Scaling Data Pipelines for High-throughput Bioinformatics

Saiful Khan
Elucidata
Published in
14 min readJun 18, 2024

Data pipelines are an essential tool in bioinformatics. They enable the standardization of data-cleaning and complex data-processing which in turn results in better reproducibility. Most data pipelines use some kind of framework for executing its tasks. Modern pipeline orchestration frameworks do a good job of abstracting and separating pipeline logic from infrastructure complexity. But that complexity remains to be managed at some level.

Latent Challenges in Pipeline Management

Before we talk about the specifics of scalability, let us first consider a simplified model of the lifecycle of a bioinformatics data pipeline:

Lifecycle of a Bioinformatics Pipeline

Bioinformaticians are primarily trained and skilled at developing algorithms, performing data analysis, and interpreting the biological implications of data. Their expertise is central to understanding and solving biological problems through computational methods. Therefore, they will be highly involved in the development and interpretation stages of the pipeline. However, it is not a good use of their time to be responsible for managing deployment and configuring execution environments as well.

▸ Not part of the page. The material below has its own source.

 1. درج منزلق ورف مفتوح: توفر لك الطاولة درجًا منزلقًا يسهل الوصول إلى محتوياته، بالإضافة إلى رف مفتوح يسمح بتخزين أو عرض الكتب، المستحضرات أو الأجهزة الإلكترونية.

Deployment and maintenance of pipelines in a cloud environment requires understanding of cloud services, configuration management, containerization technologies (like Docker) and CI/CD principles. These tasks are time-consuming and can divert bioinformaticians from their primary role – research and data analysis. Bioinformatics pipelines have highly dynamic storage and computational needs as well. Efficiently managing computational resources to handle variable workloads, optimizing costs, handling scaling issues, and ensuring data security involves skills generally associated with cloud solutions experts. Getting involved with this will be yet another distraction.

A Collaborative Solution

This is where Polly Pipelines, Elucidata’s managed pipelines hosting and execution service can help. You write the code, we take care of deployment and provide a fully-managed & secure infrastructure to run it. You can monitor your executions and finally download the output and reports for further analysis.

Polly Pipelines manages deployment & execution stages completely

Providing such a service in a multi-tenant (or even a single-tenant) environment is not easy. We need to support highly concurrent workloads w.r.t. both development and execution of pipelines. In this post we will talk about our pipeline deployment and execution architecture to cater to the required throughput and concurrency.

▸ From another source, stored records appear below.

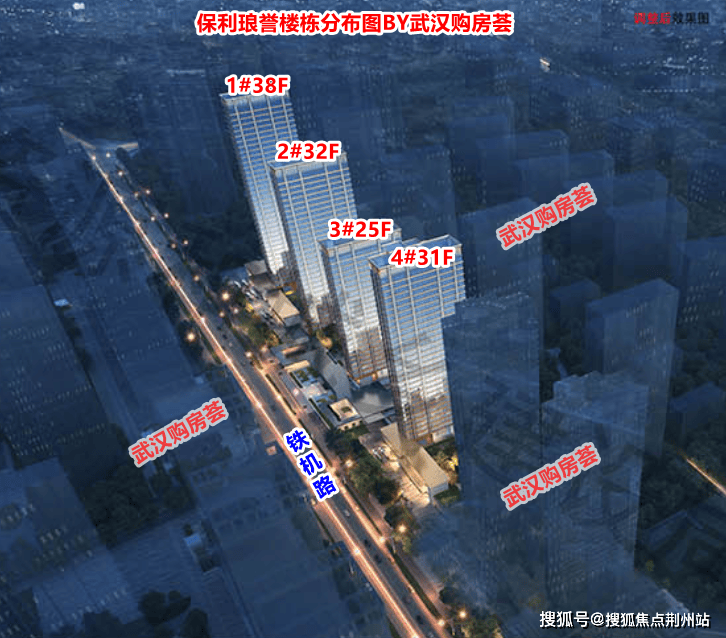 保利琅誉即保利城四期-B区北片项目,共四栋住宅楼,其中1#38F,2#32F,3#25F,4#31F,2、3、4#都有架空层。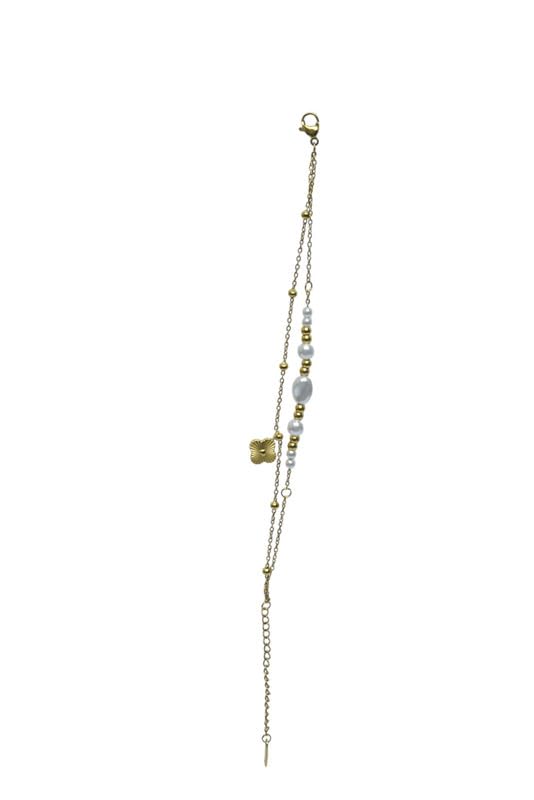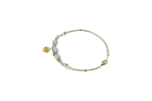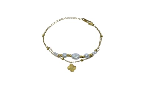 Generic - سوار من الستانلس ستيل بتصميم زهرة للبنات - ذهبي وابيض - 164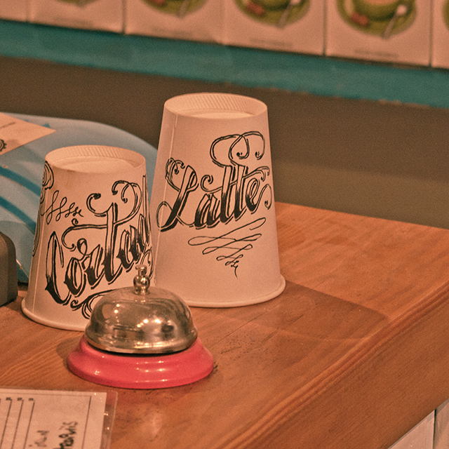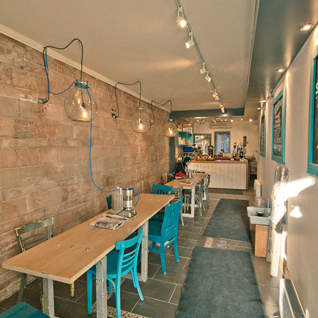 The narrow but welcoming corridor is the ideal spot for those on the go, looking for a superior caffeine fix. The space is filled by vintage décor and blue accents, which add a retro look. Although they do have two small communal tables set up, the seating is limited. However, the personal space provided invites a cozy atmosphere to study for those lucky enough to land a seat!

Scaling Pipeline Deployment with Polly

The deployment of pipelines is often the most boring part of its development phase. It involves compiling or packaging the code, building and pushing execution containers, configuring environment variables and registering or updating the pipeline’s metadata with the orchestration framework. It is a multi-step process that is automated in most production environments.

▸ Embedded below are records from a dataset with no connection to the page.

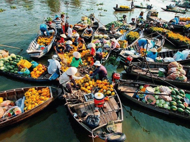 Tại chợ nổi, quý khách có thể trực tiếp mua những loại trái cây tươi ngon từ những chiếc ghe đầy ắp hàng hóa, mang đến trải nghiệm mua sắm thú vị giữa lòng sông. Tiếp đó, đoàn sẽ ghé thăm lò sản xuất hủ tiếu và các loại khô đặc sản – những món quà độc đáo mà bạn có thể mang về làm quà cho gia đình và bạn bè. Sau khi tham quan, quý khách trở về khách sạn để dùng bữa sáng và làm thủ tục trả phòng.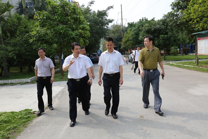 党委宣传部讯 5月26日,自治区水库移民工作管理局局长沈永明到我院参观考察,并就学院开展的水库移民创业就业培训工作进行调研。自治区水库移民局培训处处长覃革、学院院长黄绍光、河池市水库移民局党组书记韦统朝、学院副院长冯忠伟等陪同调研。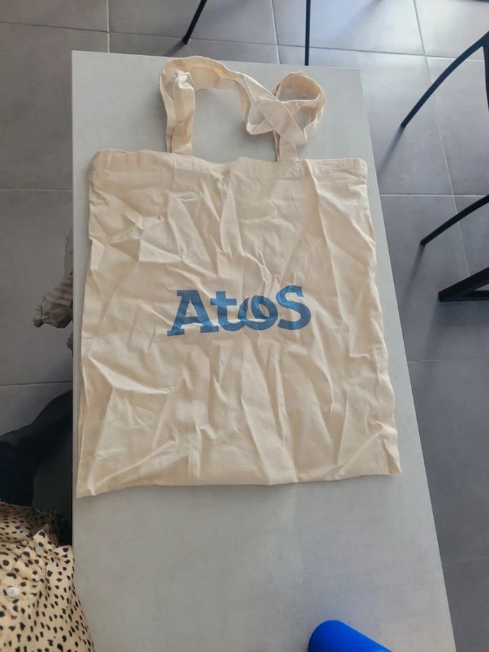 Bonjour Je vends un sac cabas en tissu Atos, jamais utilisé petit défaut de fabrication voir dernière photo.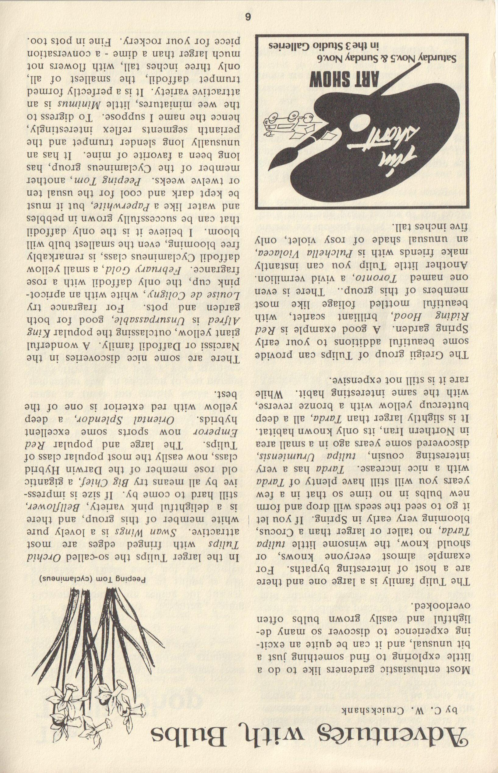 There are some nice discoveries in the Narcissi or Daffodil family. A wonderful giant yellow, outclassing the popular King Alfred is Unsurpassable, good for both garden and pots. For fragrance try Louise de Coligny, white with an apricotpink cup, the only daffodil with a rose fragrance. February Gold, a small yellow daffodil Cyclamineus class, is remarkably free blooming, even the smallest bulb will bloom. I believe it is the only daffodil that can be successfully grown in pebbles and water like a Paperwhite, but it must be kept dark and cool for the usual ten or twelve weeks. Peeping Tom, another member of the Cyclamineus group, has long been a favorite of mine. It has an unusually long slender trumpet and the perianth segments reflex interestingly, hence the name I suppose. To digress to the wee miniatures, little Minimus is an attractive variety. It is a perfectly formed trumpet daffodil, the smallest of all, only three inches tall, with flowers not much larger than a dime - a conversation piece for your rockery. Fine in pots too.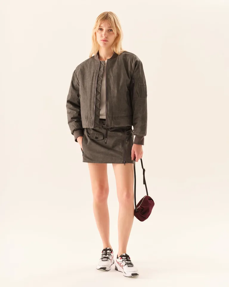Chaqueta tipo bomber de corte amplio y largo hasta la cadera. Cuenta con puños y cuello tejidos, cierre frontal a tono y bolsillos laterales con cierre. Incluye detalle de bolsillo funcional en la manga. Ideal para complementar cualquier conjunto urbano con un estilo moderno y versátil.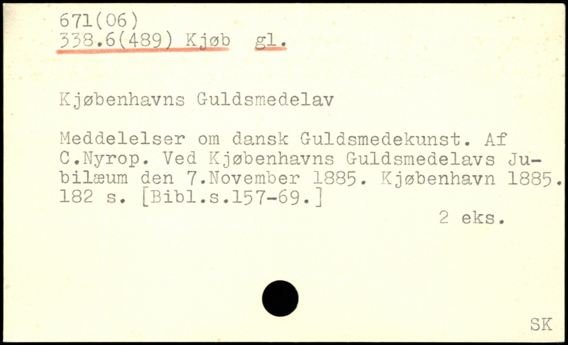 Kjøbenhavns Guldsmedelav Meddelelser om dansk Guldsmedekunst. Af C.Nyrop. Ved Kjøbenhavns Guldsmedelavs Jubilæum den 7.November 1885. Kjøbenhavn 1885.
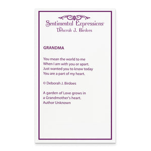 The perfect gift for every Grandmother! This filigree heart is designed from rhodium and gold tone plated sterling silver then outlined with cubic zirconia gemstones. It features an antiqued inscription and a polished finish. The pendant measures approximately 25mm (1 inch) in width by 30mm (1 3/16 inch) in length with the bail. The cable chain is 18 inches long and closes with a spring ring clasp. Each necklace includes a card with the following inspirational poem written by the artist printed in English and Spanish. 'You mean the world to me. When I am with you or apart. Just wanted you to know today You have a part of my heart.'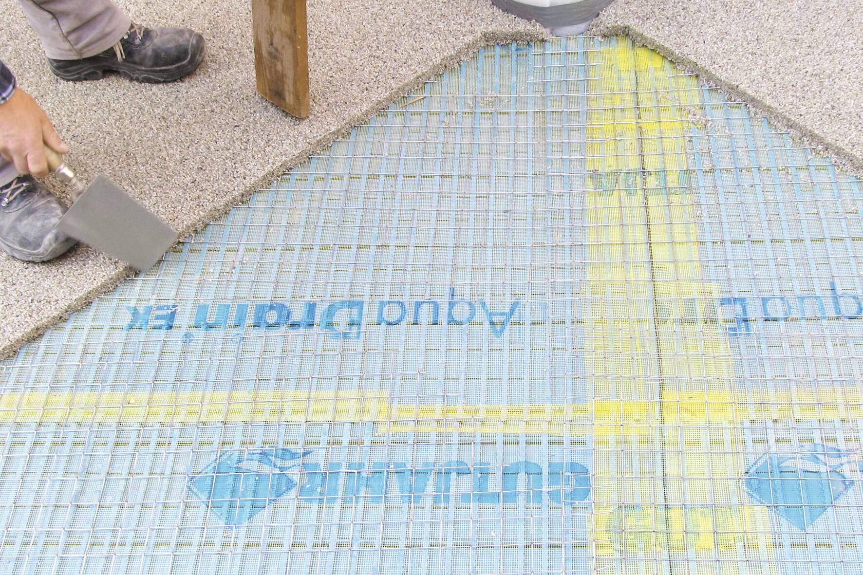 Um die historische Substanz des Treppenabgangs vor Schäden zu schützen, entschieden die Bauherren Freistaat Sachsen und Deutsche Bahn AG: Der hochwertige Granit sollte auf Drainagesystemen verlegt werden. „Granit reagiert wie viele andere Natursteine auch empfindlich auf Stauwasser. Deshalb empfehlen die gängigen Merkblätter und Naturstein-Experten seit Jahren, Naturstein auf Drain- oder Einkornmörtel plus einer kapillarpassiven Drainagematte zu verlegen. Drainmörtel alleine kann nicht vor Schäden schützen“, erklärt Gutjahr-Geschäftsführer Ralph Johann. Der Grund: Drainmörtel führt das Wasser zwar schnell von oben nach unten ab. Eine Untersuchung der Materialprüfanstalt Darmstadt zeigt jedoch, dass er alleine kapillaraktiv ist. Das bedeutet: Wenn sich Sickerwasser auf der Abdichtung staut, zum Beispiel an den Überlappungen von Bahnenabdichtungen, wandert das Wasser durch den Drainmmörtel an die Oberfläche zurück. So entstehen leicht Ausblühungen, Feuchteflecken oder auch Kalkfahnen bei Treppenstufen – der Belag wird zum Sanierungsfall. Doppelte Sicherheit mit Flächen- und Treppendrainage

In this section we will describe how our unique deployment strategies enable teams to scale both the number of pipelines and the number of contributors without being choked by operational blockers.

Isolated Deployment

Polly Pipelines gives us the ability to host all our pipelines in a central pipelines repository. This pattern can be replicated for any number of organizations, although we have not done it outside of Elucidata yet. Enterprises often adopt a “monorepo” approach to help centralize code governance as well as maintain common utilities & coding standards across pipelines. However, such repositories come with a major challenge – coupled deployment of pipelines.

At any given point of time, different pipelines in the repository can be in different stages of development. If we deploy the repository’s code because Alice’s Pipeline-1 has finished adding a new feature while Bob’s Pipeline-2 is still testing out a new feature, then we have Pipeline-2 being deployed to production with unverified behavior. This is non-ideal. Trying to manage this situation through people processes, often results in deliveries of one pipeline being blocked by another.

This is why we have carefully designed our continuous-deployment workflow such that each pipeline’s code (along with its dependencies) and container image are deployed in isolation from each other. If a developer makes changes to a pipeline and commits it to a live branch, then they are presented with a prompt for approving the deployment of that pipeline. Therefore, if Alice and Bob make some changes to Pipeline-1 and Pipeline-2, respectively, and commit them to the same branch, then they will be presented with two separate approval holds. Alice will simply approve only Pipeline-1’s deployment, leaving Pipeline-2 unchanged in the live environment.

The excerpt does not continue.